## Problem details
Repeat everything from the first line of the listing below through the line that contains "โครงการอบรมเชิ", exactly. Leave out pictures.

## Dataset section
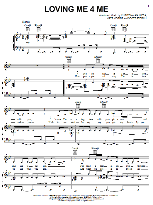 Download or print Christina Aguilera Loving Me 4 Me sheet music, chords and digital score arranged for Piano, Vocal & Guitar Chords (Right-Hand Melody). This Pop score includes 6 page(s).
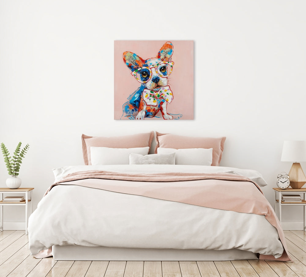 Lustiger Hund mit Brille ist gewöhnlich in n Versandbereit
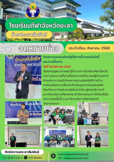 โครงการอบรมเชิงปฏิบัติการด้านเทคโนโลยีและการสื่อสารสำหรับบุคลากรโรงเรียนกีฬาจังหวัดยะลา
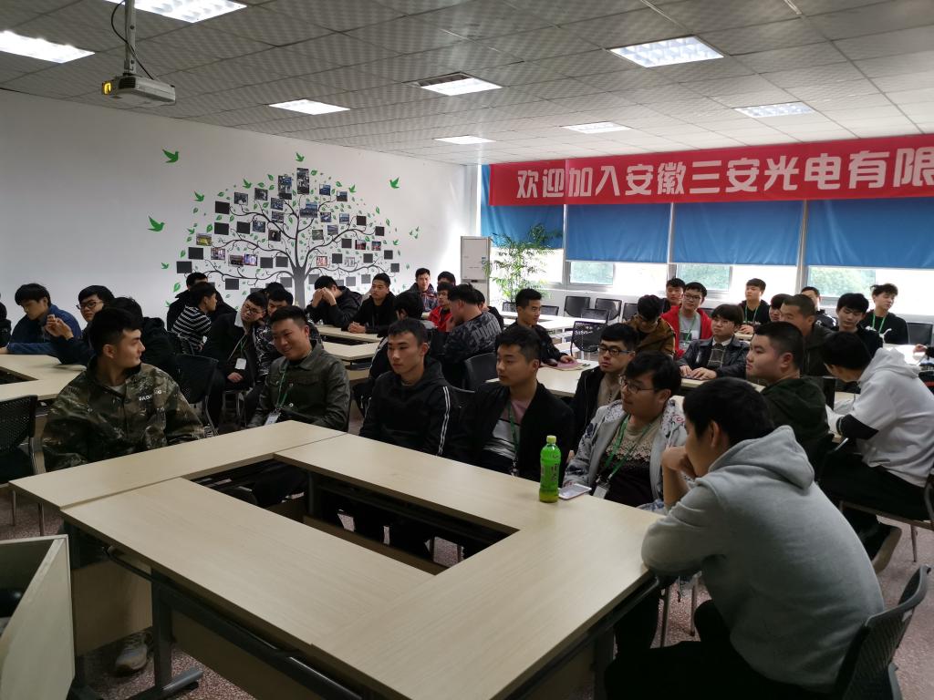 3月23日上午,信电系主任刘国华、马艳梅老师、蒋军老师前往芜湖三安光电,走访17级电气自动化技术专业“工学交替”的员工。

## Task result
 Download or print Christina Aguilera Loving Me 4 Me sheet music, chords and digital score arranged for Piano, Vocal & Guitar Chords (Right-Hand Melody). This Pop score includes 6 page(s).
 Lustiger Hund mit Brille ist gewöhnlich in n Versandbereit
 โครงการอบรมเชิงปฏิบัติการด้านเทคโนโลยีและการสื่อสารสำหรับบุคลากรโรงเรียนกีฬาจังหวัดยะลา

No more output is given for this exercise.